Arizona man who died after attacking NYC employee was suspected killer
Aug 6, 2018, 5:26 PM | Updated: 5:27 pm
(Yelp photo)
PHOENIX — An Arizona man who died on Sunday shortly after jumping out of a freezer and attacking an employee with a kitchen knife at a Manhattan restaurant was a suspected cold-case killer who had just been released from jail in Boston.
The 54-year-old man from Cave Creek, later identified as Carlton Henderson, shouted “Away, Satan!” and grabbed the knife after an employee opened the walk-in freezer at Sarabeth’s on the Upper West Side, the New York Times reported.
Employees then wrestled the man to the floor and disarmed him. The man allegedly lost consciousness and went into cardiac arrest during the struggle, the Times reported.
He was pronounced dead shortly after he was taken to St. Luke’s-Roosevelt Hospital Center.
No restaurant workers or patrons were injured.
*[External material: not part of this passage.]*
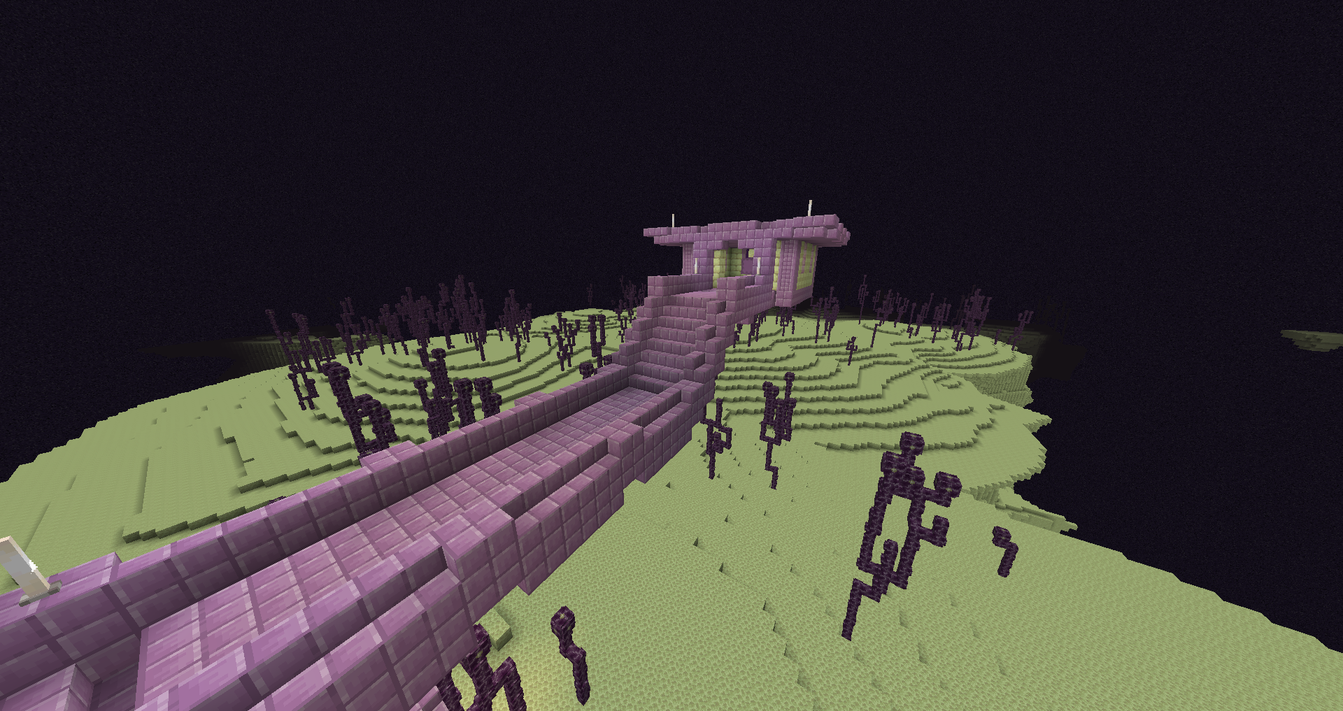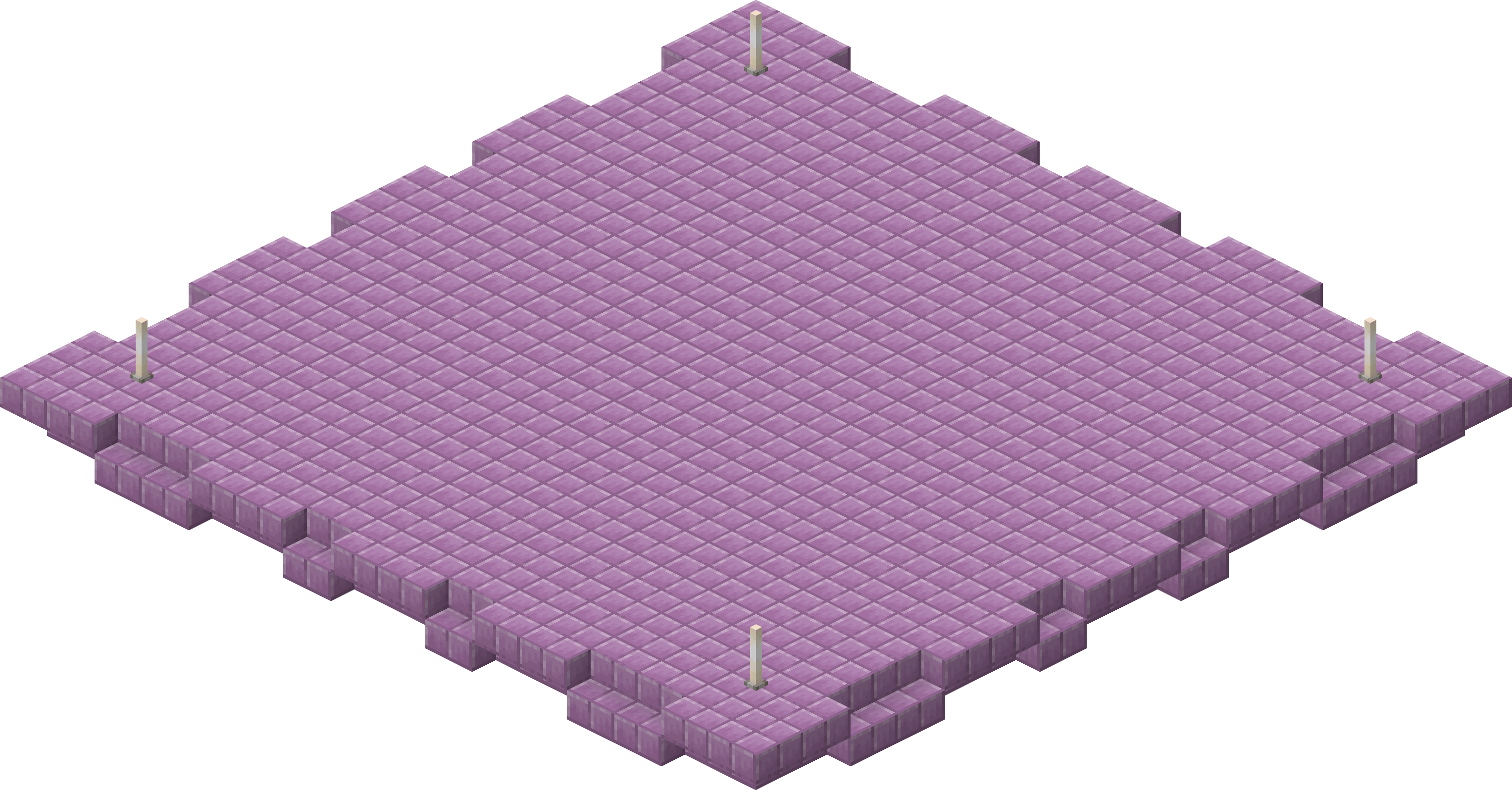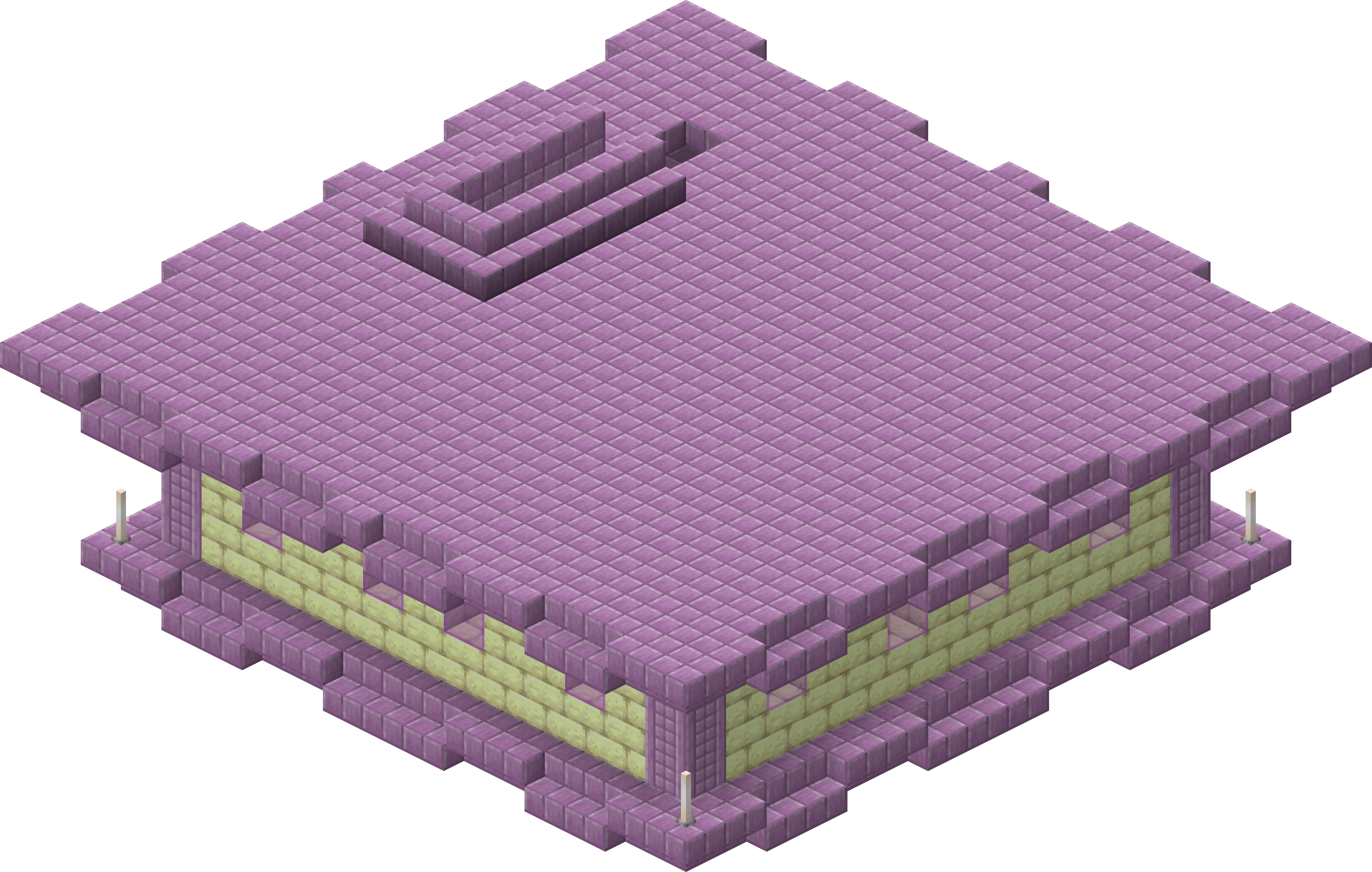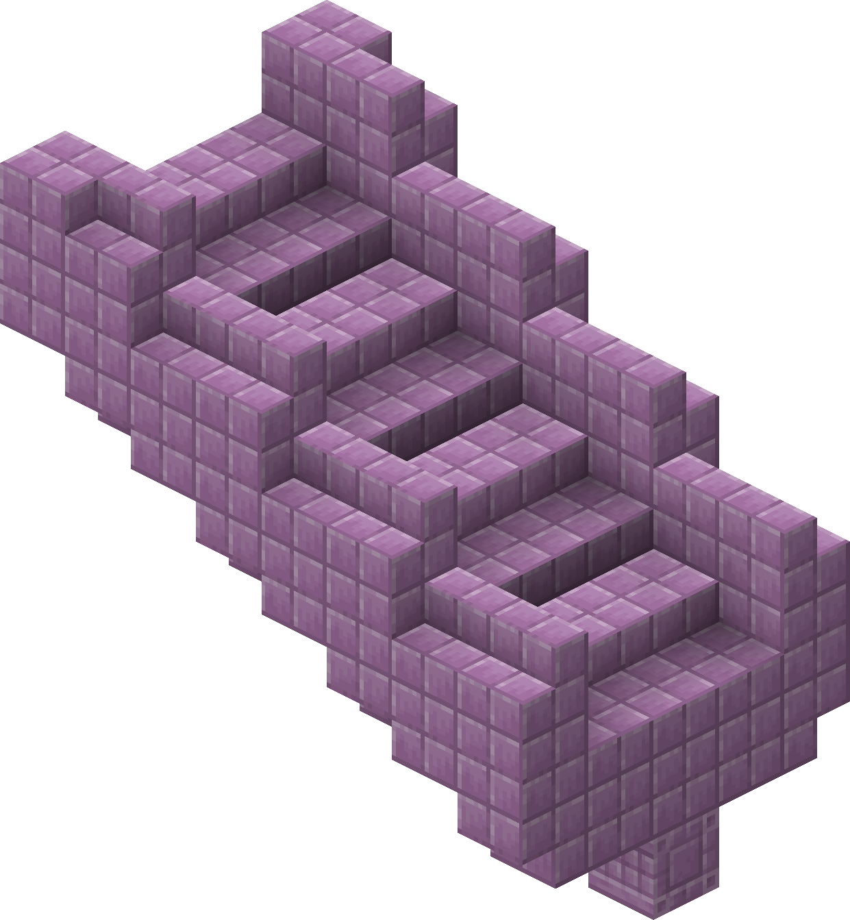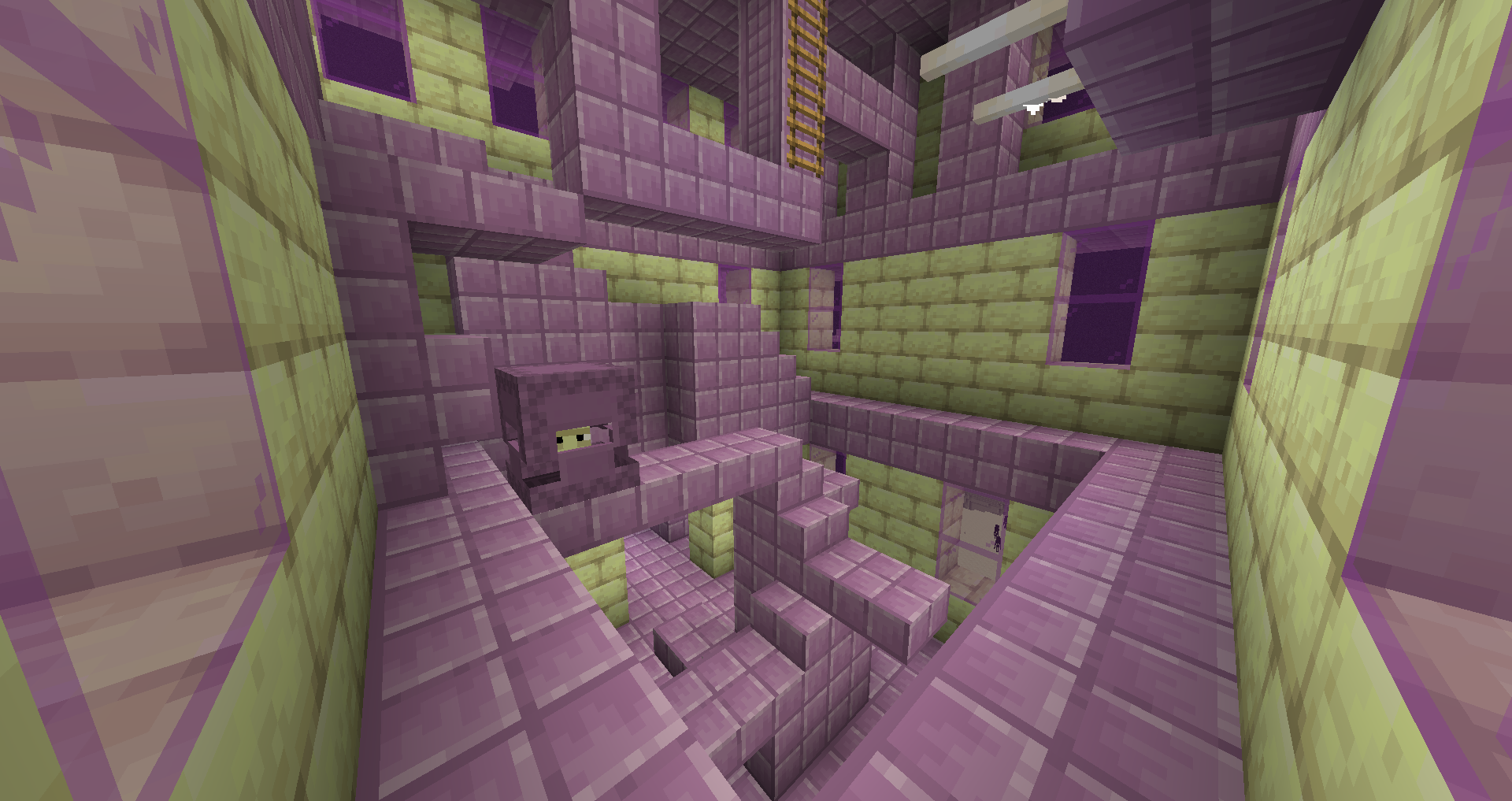 A purpur pillar structure sits in the center, surrounded by purpur stairs. Preceded by a purpur slab staircase. |

It was still unknown how Henderson got into the freezer and how long he had been there.
Henderson was facing murder charges in the 1988 shooting deaths of 26-year-old William Medina and 22-year-old Antonio Dos Reis.
He got out of jail last Wednesday when a judge threw out key evidence in the pending double-murder case and ordered him released on his own recognizance.
Judge Janet Sanders said Henderson’s 1993 statements suggesting his involvement in the 1988 killings were inadmissible because he and investigators had an understanding that they couldn’t be used against him.
Henderson was looking to trade the information for a reduction in his 15-year prison sentence on drug and gun charges, Sanders wrote, and investigators treated him as a cooperating witness – not a target or a suspect – in his 55 hours of questioning.
Prosecutors argued such an informal immunity agreement, known as a proffer, would have been made in writing and no corroborating paperwork has been found.
Police arrested Henderson in St. Louis, Missouri, in June 2017 after bullets from the Boston killings were matched to a gun recovered in a fatal shooting in Miami in 1993.
The Associated Press contributed to this report.